15 или 45 минут твоего времени, когда внешние обстоятельства не диктуют тебе, или по большей части твоей безразличной руке повторяющийся счет до девяноста. Вернее, тебе то они не диктуют. А мне, по какой то странной особенности моего характера – да. Твоего времени – вот оно начало пагубного (даже без предшествующей падению потехи) раздвоения, и конечно, притяжательный падеж. Папин шарф, подкинутый непоследовательной памятью школьный пример. Твое пальто.
Почему же опять ты. Забираешь меня у самой себя. Хотя впрочем, нет. Это еще не ты. Воспоминание о тебе. Воспоминание, но по непреодолимой закономерности, противоречащей всяким правилам, оно не отнесет меня заботливо в ласкающее прошлое. Быть может, это воспоминание слишком далеко от тебя и поэтому, чтобы найти того, кого оно лишь сомнительно пытается передать, оно так стремиться в будущее, к тебе, идущему, возможно, сюда.
Только лестницы и стены. Может, стена моей улыбки сделает меня менее уязвимой от этого абсурда.

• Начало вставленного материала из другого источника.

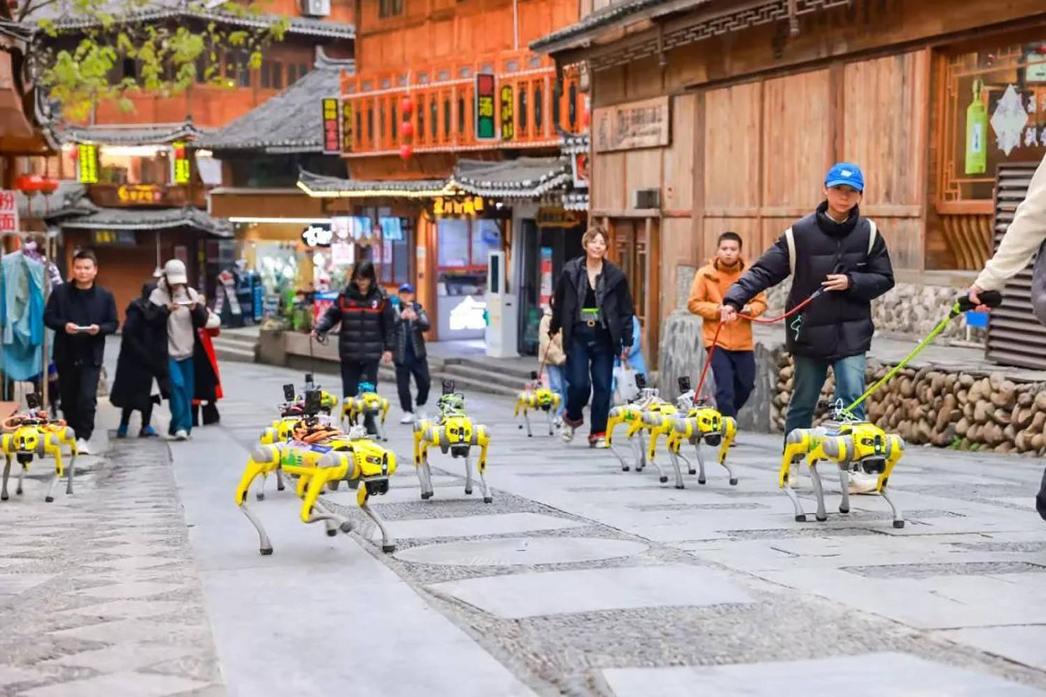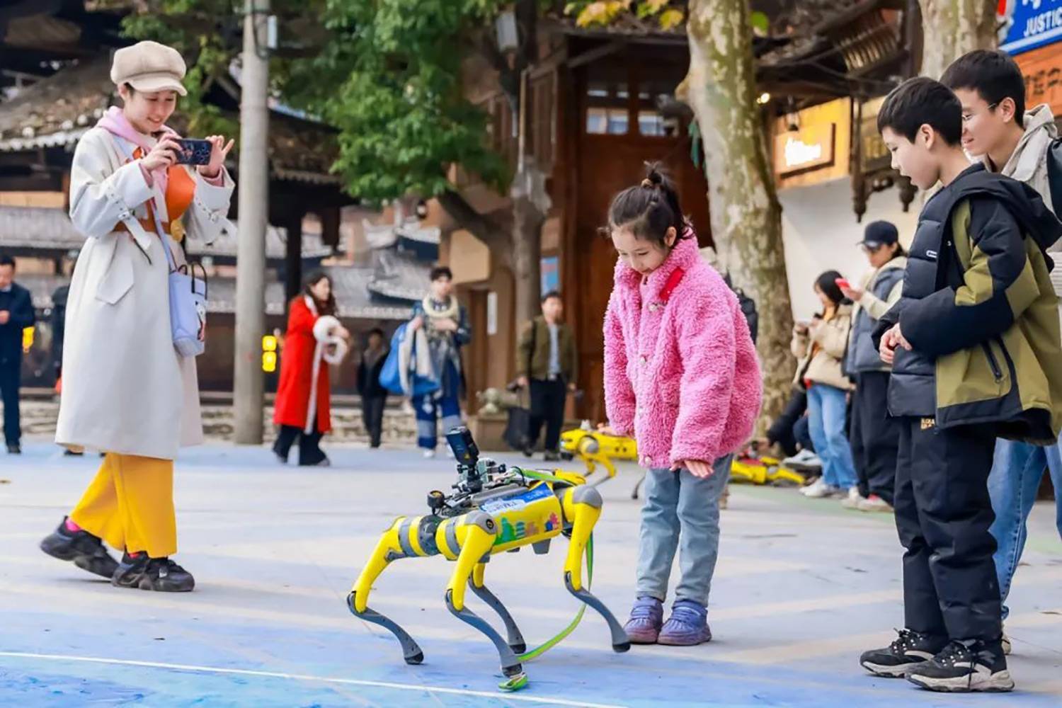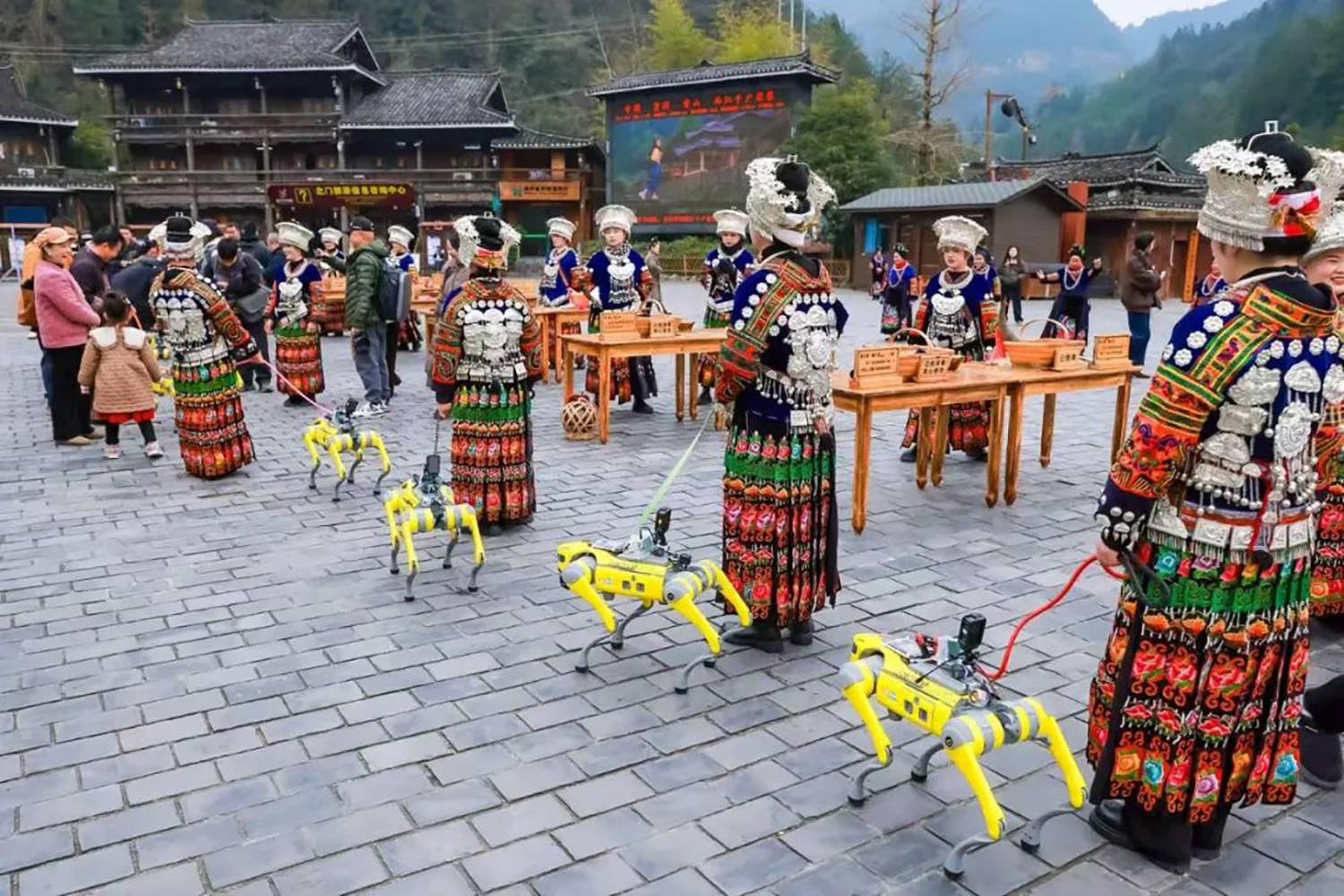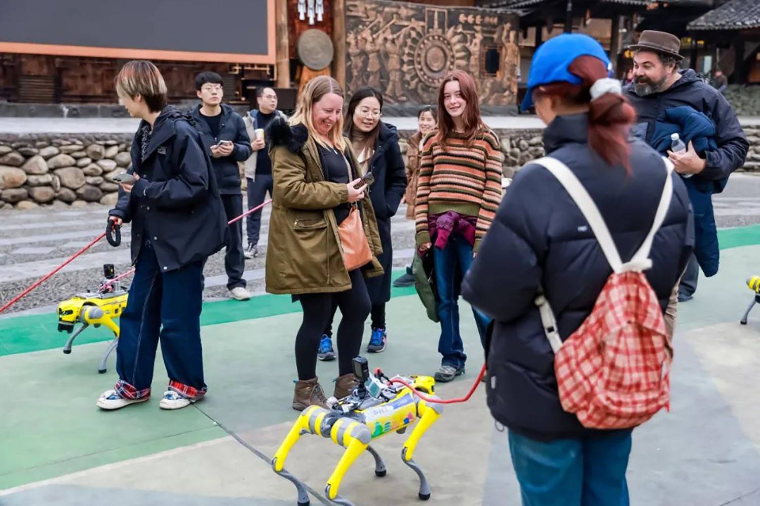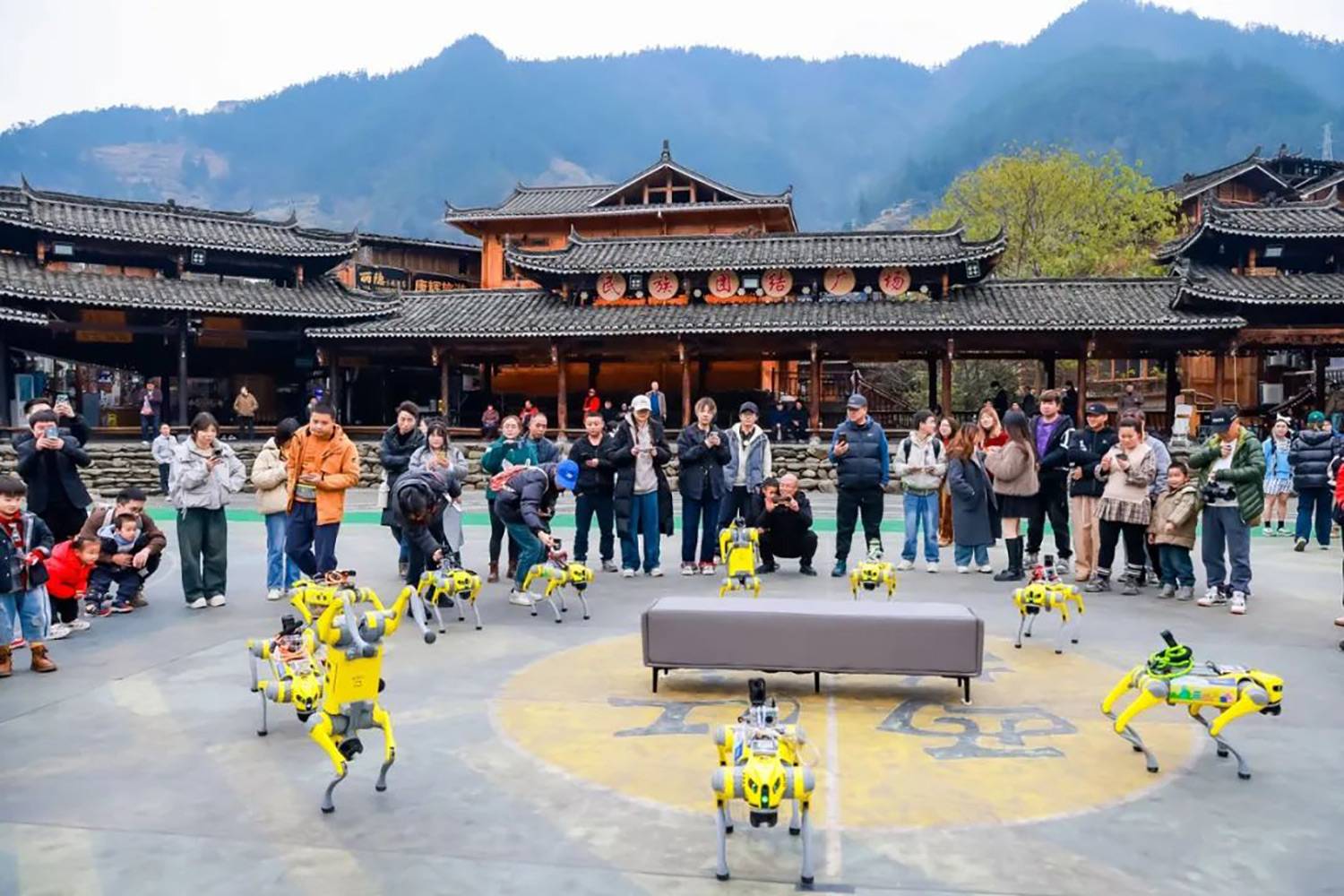 贵州西江千户苗寨景区适时地把握了科技与少数民族文化交融的宝贵时机,力求为游客创造全新独特的旅游体验,也为景区注入浓厚热烈的科技氛围。2025年1月2日,与马蜂窝旅游合作举办的 “人工智能 AI 机器狗互动体验” 展示活动在西江千户苗寨景区精彩启幕,吸引了众多游客前来参与体验。

Погрузишься в другой мир. Только беспокойство заставит поднять голову, на секунду очнуться здесь; нет, это не беспокойство. Неуемность надежды тебя увидеть. Знакомые лица, знакомые слова. Бессмысленные, потому что надуманные. А в ответ --  в этот раз на незнакомую боль (всего лишь не узнанную в своей знакомости) – улыбка. Тешить себя, что это всего лишь ответ на незримую бескрайнюю душевность. Ожидание. Натянутая струна надежды. Только не сейчас, я ведь не смогу прилюдно позволить себе роскошь тебя увидеть. 
Все уйдут, а я открою для себя чужие миры под синей обложкой.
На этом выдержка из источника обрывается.